We obtained the next distribution:

The coaching dataset accommodates 60% of the info and covers all 124 labels
The validation dataset accommodates 20% of the info and covers all 124 labels
The check dataset accommodates 20% of the info and covers all 124 labels

Multi-label classification is a sort of supervised machine studying algorithm that permits us to assign a number of labels to a single knowledge pattern. It differs from binary classification the place the mannequin predicts solely two classes, and multi-class classification the place the mannequin predicts just one out of a number of lessons for a pattern.

Analysis metrics for multi-label classification efficiency are inherently completely different from these utilized in multi-class (or binary) classification because of the inherent variations of the classification downside. Extra detailed data will be discovered on Wikipedia.

We chosen metrics which can be most fitted for us:

Precision measures the proportion of true optimistic predictions among the many whole optimistic predictions made by the mannequin.
Recall measures the proportion of true optimistic predictions amongst all precise optimistic samples.
F1-score is the harmonic imply of precision and recall, which helps to revive steadiness between the 2.
Hamming loss is the fraction of labels which can be incorrectly predicted

We additionally observe the variety of predicted labels within the set { outlined as rely for labels, for which we obtain an F1 rating > 0}.

Multi-Label Classification is a sort of supervised studying downside the place a single occasion or instance will be related to a number of labels or classifications, versus conventional single-label classification, the place every occasion is just related to a single class label.

To unravel multi-label classification issues, there are two primary classes of methods:

Downside transformation strategies
Algorithm adaptation strategies

Downside transformation strategies allow us to remodel multi-label classification duties into a number of single-label classification duties.

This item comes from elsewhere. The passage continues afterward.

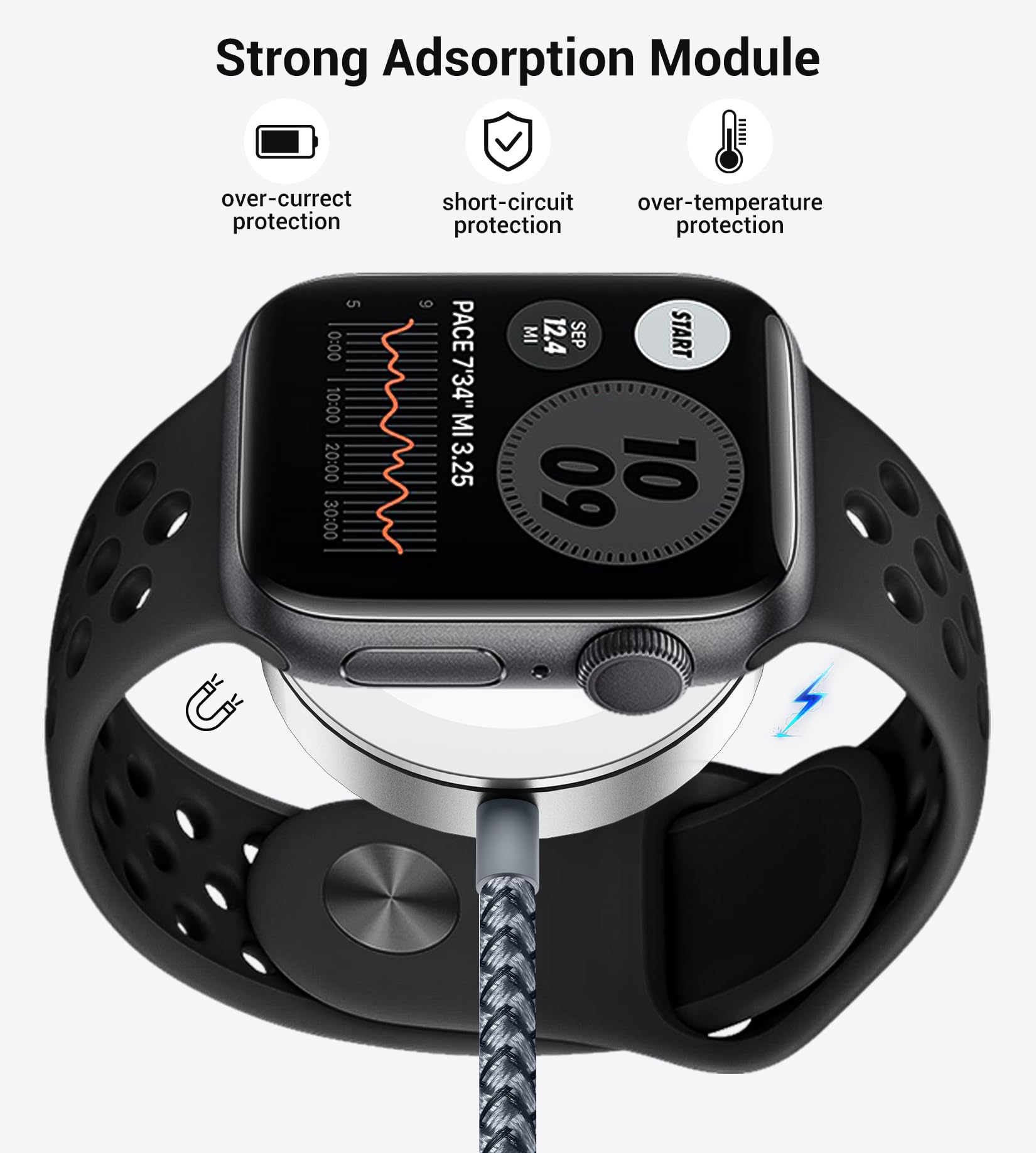 【Magnetic iWatch Charger】With auto-alignment magnetic technology, this charger effortlessly snaps into place, ensuring a secure and efficient charge as it automatically aligns with the back of your Apple Watch.(please note: for optimal charging, avoid using an Apple Watch protective case)

For instance, the Binary Relevance (BR) baseline method treats each label as a separate binary classification downside. On this case, the multi-label downside is reworked into a number of single-label issues.

Algorithm adaptation strategies modify the algorithms themselves to deal with multi-label knowledge natively, with out remodeling the duty into a number of single-label classification duties. An instance of this method is the BERT model, which is a pre-trained transformer-based language mannequin that may be fine-tuned for numerous NLP duties, together with multi-label textual content classification. BERT is designed to deal with multi-label knowledge straight, with out the necessity for downside transformation.

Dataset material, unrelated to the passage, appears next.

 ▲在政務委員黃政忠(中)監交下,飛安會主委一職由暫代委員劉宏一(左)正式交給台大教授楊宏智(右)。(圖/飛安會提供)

Within the context of utilizing BERT for multi-label textual content classification, the usual method is to make use of Binary Cross-Entropy (BCE) loss because the loss perform. BCE loss is a generally used loss perform for binary classification issues and will be simply prolonged to deal with multi-label classification issues by computing the loss for every label independently, after which summing the losses. On this case, the BCE loss perform measures the error between predicted possibilities and true labels, the place predicted possibilities are obtained from the ultimate sigmoid activation layer within the BERT mannequin.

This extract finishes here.